### THE PROBLEM
The output should match, line for line, the records from the line containing "白身魚のスチームレモン醤油ソース(上)さつま揚げと根菜のポトフ(下)" through the line containing "座面のみを独立して前傾させる", with every picture left out.

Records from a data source
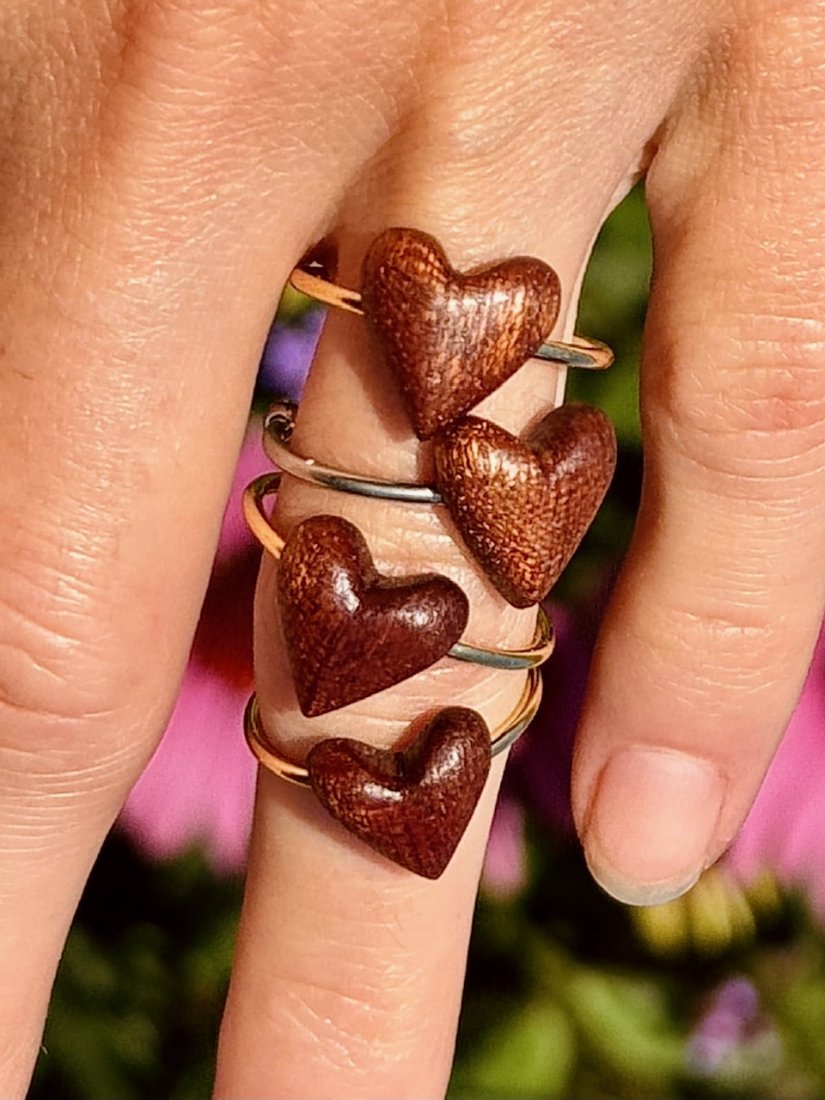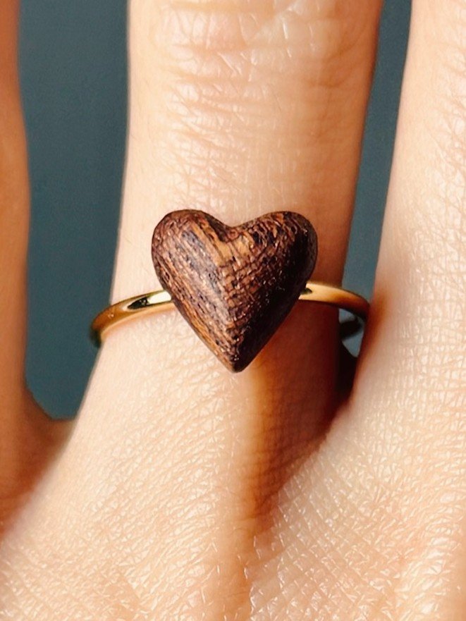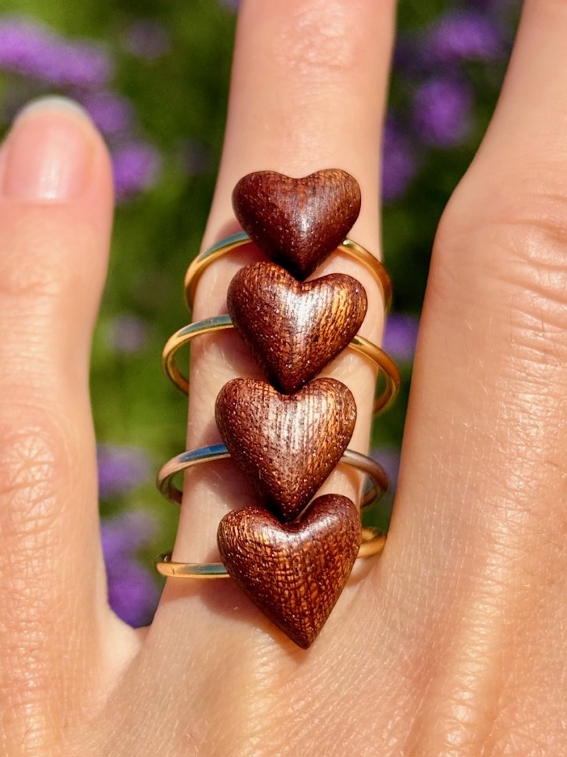 Na delikatną regulowaną obrączkę wykonaną z pozłacanego 14-karatowym złotem mosiądzu nasadzone zostało drewniane serduszko, wykonane z drewna sapeli, które dodaje całości naturalnego uroku i oryginalności. Dodatkowo pierścionek z tyłu wykończony jest małymi kulkami, które mogą pełnić funkcję antystresową.
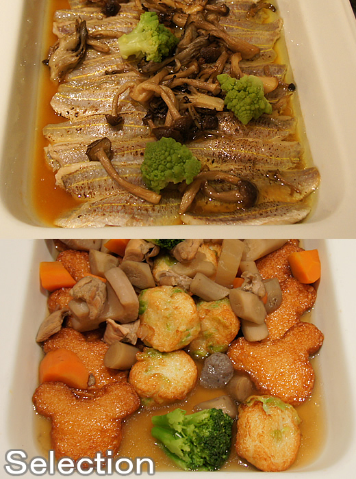 白身魚のスチームレモン醤油ソース(上)さつま揚げと根菜のポトフ(下)
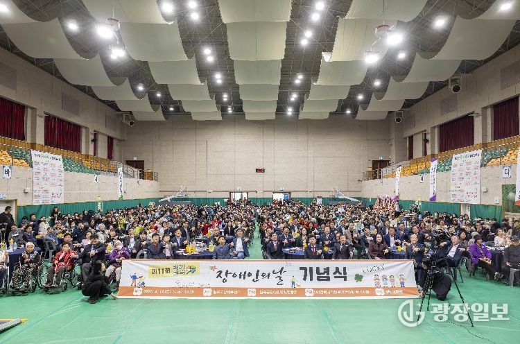 광장일보 주재영 기자 | 칠곡군장애인단체연합회(회장 조정수)는 지난 18일 칠곡국민체육센터에서 한영희 칠곡부군수와 기관·단체장, 장애인단체 및 시설 관계자, 회원, 가족, 자원봉사자 등 700여명이 참석한 가운데 ‘제11회 칠곡군 장애인의 날 기념식’을 성황리에 개최했다.
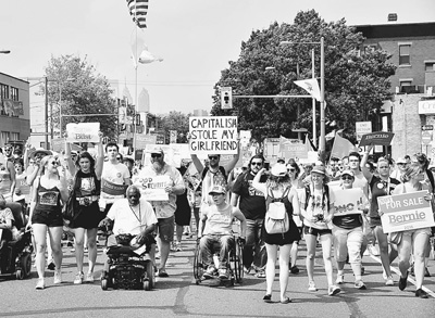 美国民众在费城街头集会抗议资本主义。 本报记者 章念生摄 |
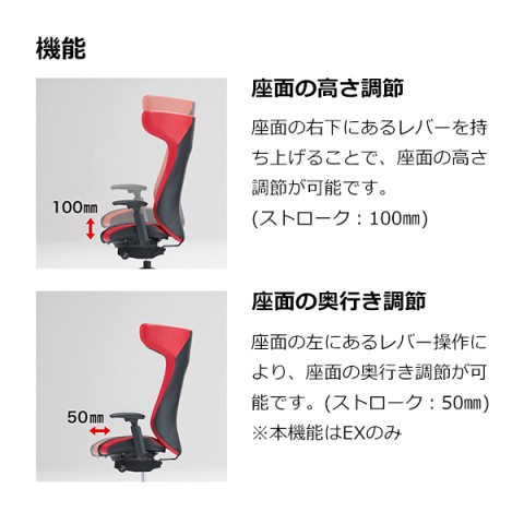 座面のみを独立して前傾させることで快適な座り心地をサポートします。腰や背中だけでなく下半身が疲れやすいという方におすすめです。
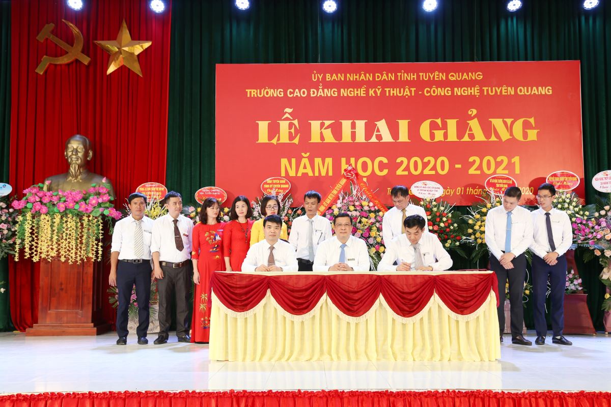 Phát biểu tại lễ khai giảng đồng chí Phạm Thị Minh Xuân, Ủy viên Ban Thường vụ Tỉnh ủy, Phó Chủ tịch Hội đồng nhân dân tỉnh đã chúc mừng các kết quả mà viên chức, giáo viên và học sinh, sinh viên Nhà trường đã đạt được trong năm học 2019-2020. Đề nghị trong thời gian tới Nhà trường cần tiếp tục nâng cao chất lượng đào tạo, chất lượng đội ngũ cán bộ giáo viên; chủ động đào tạo theo nhu cầu tuyển dụng và phát triển các ngành nghề phù hợp với nhu cầu phát triển kinh tế- xã hội của tỉnh. Đồng thời tăng cường hơn nữa trong việc trao đổi và chia sẻ kinh nghiệm với các trường đào tạo nghề uy tín trong nước và quốc tế. Phấn đầu xây dựng trường Cao đẳng nghề Kỹ thuật – Công nghệ Tuyên Quang thành trường trọng điểm về đào tạo công nhân kỹ thuật có trình độ cao góp phần chuyển dịch cơ cấu lao động đáp ứng nhu cầu phát triển kinh tế - xã hội của tỉnh và đất nước …
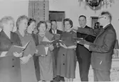 Kyrkokören på besök i Brattåshemmet år 1969. Från vänster: kantor Bengt Forsberg, föreståndare Magda Andreasson (i folkdräkt) som serverar kaffe, Karl Olofsson och Ingrid Skansing. Med ryggen mot kameran: Gunvor Eriksson samt okänd. I bakgrunden ses bl a Blomberg
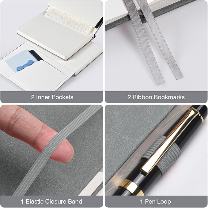 • 【Thoughtful Accessories】Complete with practical accessories, each blank page journal includes 2 pockets, 2 bookmark ribbons, 1 elastic band, and 1 pen loop. These additions are designed to enhance your journaling experience and keep your essentials organized.
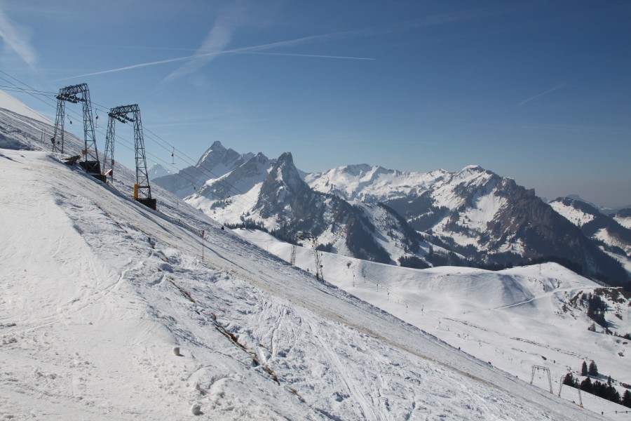 Blick von der blauen Abfahrt zu den Schleppliften Geissalp, im Hintergrund die Kaiseregg, März 2011
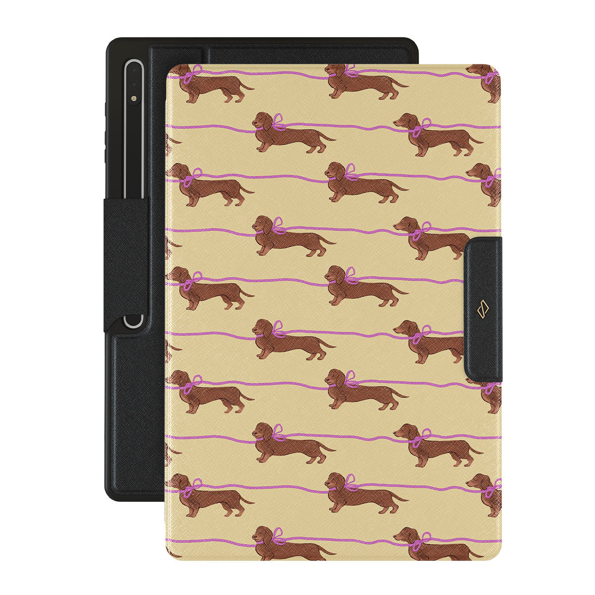 This Samsung Galaxy Tab S9 Ultra design doesn’t believe in time, only vibes. It features sassy sausage dogs with bows who, like you, are running 15 minutes behind—and blaming Mercury.
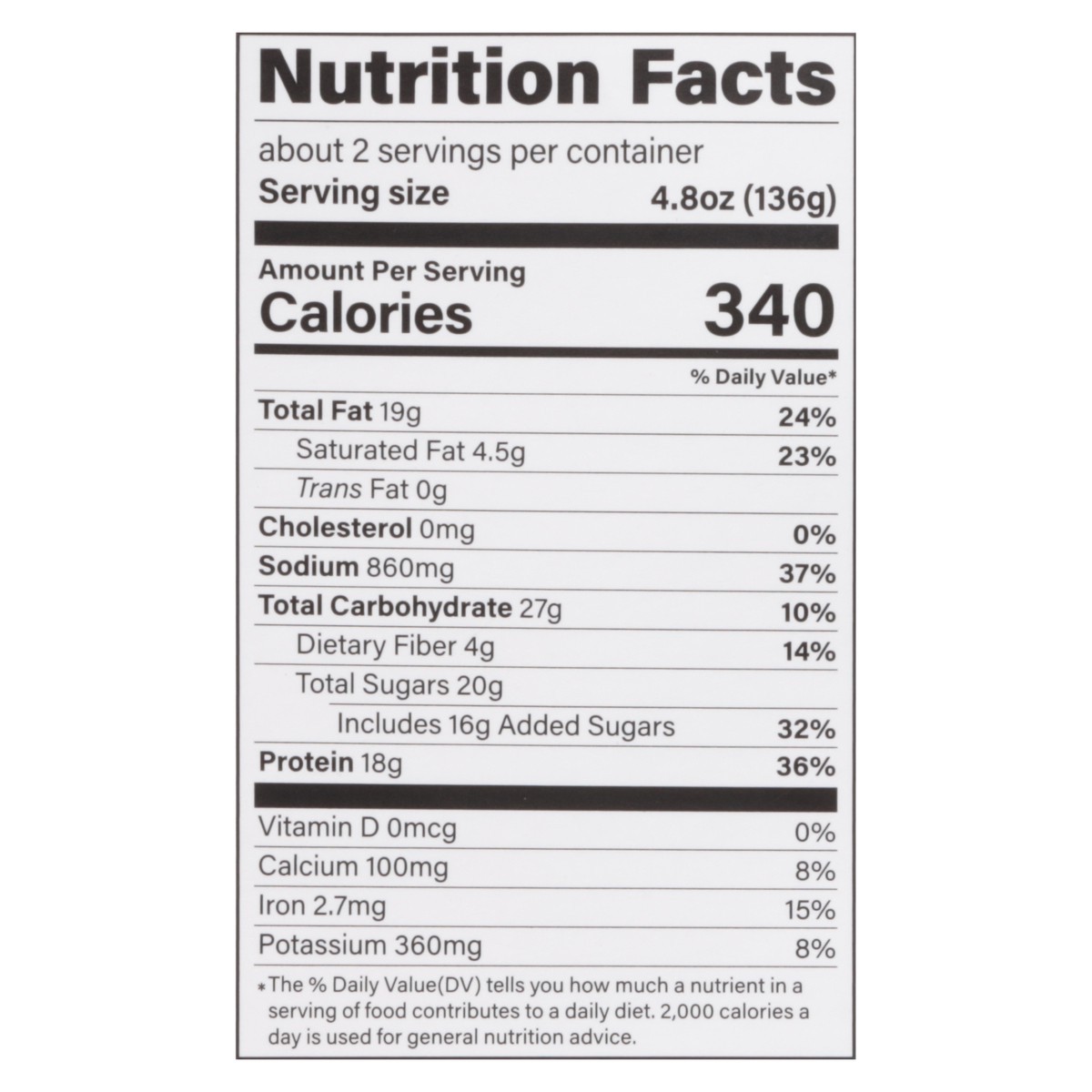Water, Plant-Based Pork Protein (Soy Protein, Wheat Protein, Corn Starch, Soy Flour, Wheat Starch), Sugar, Vinegar, Tomato Paste, Corn Syrup, Soybean Oil, Refined Coconut Oil, Rice Bran Powder, Potato…
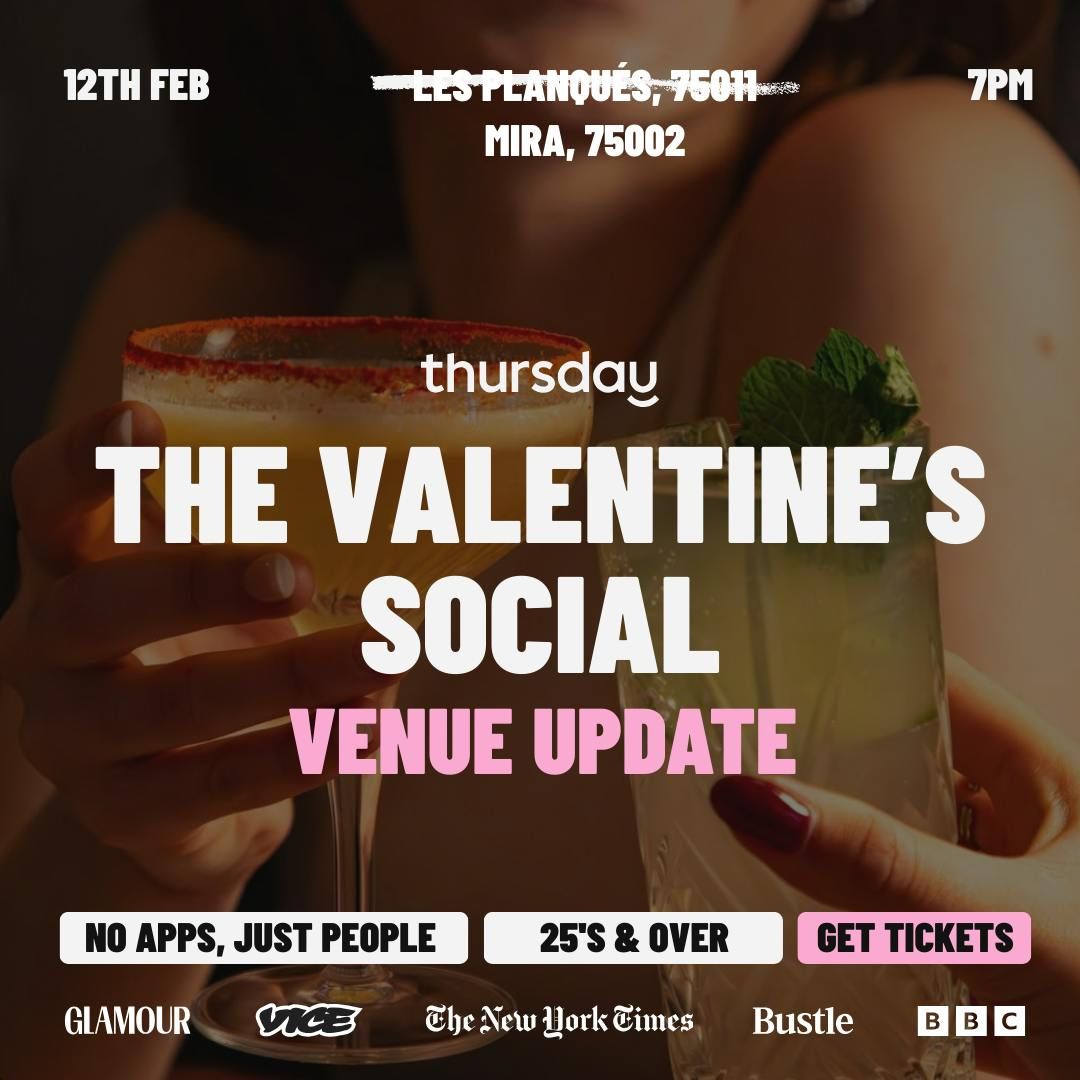 Rendez-vous chez Mira pour une ambiance intimiste et dynamique, avec un DJ set à partir de 20h. Au programme : cocktails créatifs, excellente musique et une salle remplie de célibataires prêts à se rencontrer, danser et profiter.Tous les participants ayant déjà acheté un billet ont été contactés directement concernant le changement de lieu.

### RESPONSE TO THE TASK
 白身魚のスチームレモン醤油ソース(上)さつま揚げと根菜のポトフ(下)
 광장일보 주재영 기자 | 칠곡군장애인단체연합회(회장 조정수)는 지난 18일 칠곡국민체육센터에서 한영희 칠곡부군수와 기관·단체장, 장애인단체 및 시설 관계자, 회원, 가족, 자원봉사자 등 700여명이 참석한 가운데 ‘제11회 칠곡군 장애인의 날 기념식’을 성황리에 개최했다.
 美国民众在费城街头集会抗议资本主义。 本报记者 章念生摄 |
 座面のみを独立して前傾させることで快適な座り心地をサポートします。腰や背中だけでなく下半身が疲れやすいという方におすすめです。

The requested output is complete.